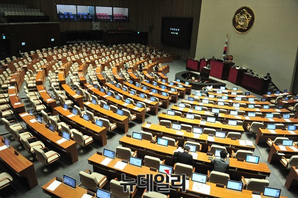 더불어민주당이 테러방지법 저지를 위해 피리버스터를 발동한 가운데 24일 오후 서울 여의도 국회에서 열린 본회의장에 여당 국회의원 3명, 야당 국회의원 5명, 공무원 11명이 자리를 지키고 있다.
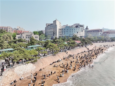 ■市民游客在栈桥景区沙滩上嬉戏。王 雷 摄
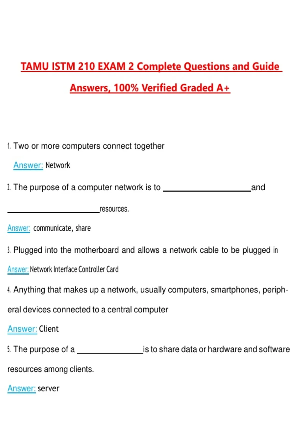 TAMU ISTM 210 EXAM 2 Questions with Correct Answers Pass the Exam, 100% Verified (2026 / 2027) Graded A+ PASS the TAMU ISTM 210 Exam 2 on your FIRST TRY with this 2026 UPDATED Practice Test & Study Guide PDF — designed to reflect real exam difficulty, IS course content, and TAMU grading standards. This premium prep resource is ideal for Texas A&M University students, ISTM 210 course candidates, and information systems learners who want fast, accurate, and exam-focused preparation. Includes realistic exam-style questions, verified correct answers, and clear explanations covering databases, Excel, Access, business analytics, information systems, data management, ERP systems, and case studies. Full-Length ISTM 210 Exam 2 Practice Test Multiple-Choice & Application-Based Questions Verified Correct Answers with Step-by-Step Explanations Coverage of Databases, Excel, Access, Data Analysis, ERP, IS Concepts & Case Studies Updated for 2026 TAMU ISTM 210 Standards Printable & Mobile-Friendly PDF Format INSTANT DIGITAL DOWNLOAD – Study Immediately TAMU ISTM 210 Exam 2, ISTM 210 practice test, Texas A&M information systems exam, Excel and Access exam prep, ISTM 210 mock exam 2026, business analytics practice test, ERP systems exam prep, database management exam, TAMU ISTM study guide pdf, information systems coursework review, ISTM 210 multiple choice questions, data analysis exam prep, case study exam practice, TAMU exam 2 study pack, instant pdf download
_ _ _ _ _ _ _
Exercise objective: Return to the listing above and set it down exactly, leaving out its pictures.

Answer area:
 더불어민주당이 테러방지법 저지를 위해 피리버스터를 발동한 가운데 24일 오후 서울 여의도 국회에서 열린 본회의장에 여당 국회의원 3명, 야당 국회의원 5명, 공무원 11명이 자리를 지키고 있다.
 ■市民游客在栈桥景区沙滩上嬉戏。王 雷 摄
 TAMU ISTM 210 EXAM 2 Questions with Correct Answers Pass the Exam, 100% Verified (2026 / 2027) Graded A+ PASS the TAMU ISTM 210 Exam 2 on your FIRST TRY with this 2026 UPDATED Practice Test & Study Guide PDF — designed to reflect real exam difficulty, IS course content, and TAMU grading standards. This premium prep resource is ideal for Texas A&M University students, ISTM 210 course candidates, and information systems learners who want fast, accurate, and exam-focused preparation. Includes realistic exam-style questions, verified correct answers, and clear explanations covering databases, Excel, Access, business analytics, information systems, data management, ERP systems, and case studies. Full-Length ISTM 210 Exam 2 Practice Test Multiple-Choice & Application-Based Questions Verified Correct Answers with Step-by-Step Explanations Coverage of Databases, Excel, Access, Data Analysis, ERP, IS Concepts & Case Studies Updated for 2026 TAMU ISTM 210 Standards Printable & Mobile-Friendly PDF Format INSTANT DIGITAL DOWNLOAD – Study Immediately TAMU ISTM 210 Exam 2, ISTM 210 practice test, Texas A&M information systems exam, Excel and Access exam prep, ISTM 210 mock exam 2026, business analytics practice test, ERP systems exam prep, database management exam, TAMU ISTM study guide pdf, information systems coursework review, ISTM 210 multiple choice questions, data analysis exam prep, case study exam practice, TAMU exam 2 study pack, instant pdf download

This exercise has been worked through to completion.